Exercise prompt ▸ Given these entries, repeat exactly the lines starting with the one that has "Softly romantic with" and going on through the one that has "JND 아래의 두 원은", both included, but none of the pictures.

Recorded information ▸
+===+

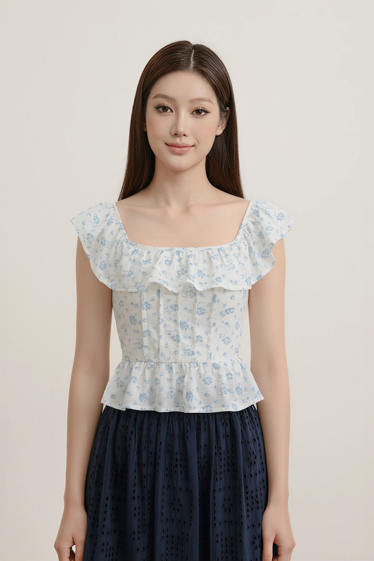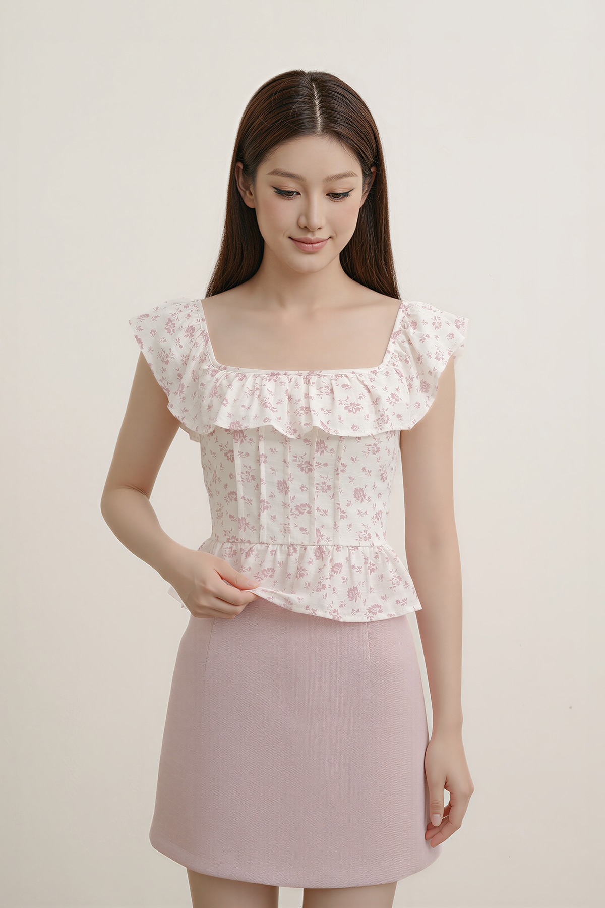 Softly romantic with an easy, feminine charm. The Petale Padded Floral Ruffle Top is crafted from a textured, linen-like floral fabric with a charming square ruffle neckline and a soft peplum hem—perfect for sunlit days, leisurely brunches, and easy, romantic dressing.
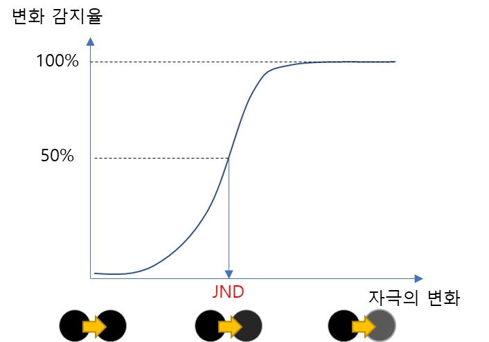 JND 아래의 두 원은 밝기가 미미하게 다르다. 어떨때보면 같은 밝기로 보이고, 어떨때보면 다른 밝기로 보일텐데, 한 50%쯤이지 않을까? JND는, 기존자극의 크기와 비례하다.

+===+

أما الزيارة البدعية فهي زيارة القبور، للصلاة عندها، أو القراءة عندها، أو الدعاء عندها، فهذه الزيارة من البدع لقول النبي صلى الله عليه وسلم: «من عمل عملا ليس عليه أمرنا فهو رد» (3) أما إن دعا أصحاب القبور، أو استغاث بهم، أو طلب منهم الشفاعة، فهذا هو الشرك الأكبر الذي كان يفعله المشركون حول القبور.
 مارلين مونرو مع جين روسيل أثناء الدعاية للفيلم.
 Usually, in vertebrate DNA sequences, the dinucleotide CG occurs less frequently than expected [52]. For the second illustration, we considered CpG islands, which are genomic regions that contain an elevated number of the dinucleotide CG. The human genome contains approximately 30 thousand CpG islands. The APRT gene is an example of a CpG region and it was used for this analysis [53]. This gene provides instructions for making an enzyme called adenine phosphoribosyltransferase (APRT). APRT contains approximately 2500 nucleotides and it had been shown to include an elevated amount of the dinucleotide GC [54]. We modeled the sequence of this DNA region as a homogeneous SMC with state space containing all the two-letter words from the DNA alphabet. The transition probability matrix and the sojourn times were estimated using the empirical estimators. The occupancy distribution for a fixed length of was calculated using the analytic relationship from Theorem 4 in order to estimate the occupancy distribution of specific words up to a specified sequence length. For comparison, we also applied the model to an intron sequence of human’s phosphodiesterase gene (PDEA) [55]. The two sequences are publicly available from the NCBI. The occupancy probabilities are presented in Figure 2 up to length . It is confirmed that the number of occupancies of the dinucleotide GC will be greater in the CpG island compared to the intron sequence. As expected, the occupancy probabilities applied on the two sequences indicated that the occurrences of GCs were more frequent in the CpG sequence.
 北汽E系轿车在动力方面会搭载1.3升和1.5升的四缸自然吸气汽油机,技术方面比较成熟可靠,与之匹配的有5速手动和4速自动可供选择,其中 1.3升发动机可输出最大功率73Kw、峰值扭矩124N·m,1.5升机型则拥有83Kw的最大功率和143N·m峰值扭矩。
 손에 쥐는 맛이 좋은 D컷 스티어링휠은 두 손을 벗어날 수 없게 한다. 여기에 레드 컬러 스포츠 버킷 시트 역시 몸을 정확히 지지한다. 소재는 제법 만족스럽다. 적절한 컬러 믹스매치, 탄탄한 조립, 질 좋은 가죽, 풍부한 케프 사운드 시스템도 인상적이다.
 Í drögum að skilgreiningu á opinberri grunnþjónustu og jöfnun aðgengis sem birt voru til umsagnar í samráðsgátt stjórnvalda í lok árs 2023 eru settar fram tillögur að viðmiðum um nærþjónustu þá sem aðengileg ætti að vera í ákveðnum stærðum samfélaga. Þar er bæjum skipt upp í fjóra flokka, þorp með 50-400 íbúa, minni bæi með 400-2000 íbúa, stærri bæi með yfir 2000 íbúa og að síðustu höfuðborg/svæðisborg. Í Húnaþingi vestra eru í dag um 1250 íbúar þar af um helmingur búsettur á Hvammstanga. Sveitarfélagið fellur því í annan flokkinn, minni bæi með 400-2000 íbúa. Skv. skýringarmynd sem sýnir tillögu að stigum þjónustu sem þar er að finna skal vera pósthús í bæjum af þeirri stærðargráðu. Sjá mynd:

+===+

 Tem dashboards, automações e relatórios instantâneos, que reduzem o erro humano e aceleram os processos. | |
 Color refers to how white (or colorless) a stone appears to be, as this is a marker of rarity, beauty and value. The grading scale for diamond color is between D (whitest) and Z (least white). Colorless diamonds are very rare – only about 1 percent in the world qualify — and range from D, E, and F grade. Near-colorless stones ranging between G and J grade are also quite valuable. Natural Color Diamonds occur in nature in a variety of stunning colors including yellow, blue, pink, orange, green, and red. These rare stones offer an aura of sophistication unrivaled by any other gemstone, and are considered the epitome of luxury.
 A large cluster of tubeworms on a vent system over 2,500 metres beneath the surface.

+===+

Answer box ▸
 Softly romantic with an easy, feminine charm. The Petale Padded Floral Ruffle Top is crafted from a textured, linen-like floral fabric with a charming square ruffle neckline and a soft peplum hem—perfect for sunlit days, leisurely brunches, and easy, romantic dressing.
 JND 아래의 두 원은 밝기가 미미하게 다르다. 어떨때보면 같은 밝기로 보이고, 어떨때보면 다른 밝기로 보일텐데, 한 50%쯤이지 않을까? JND는, 기존자극의 크기와 비례하다.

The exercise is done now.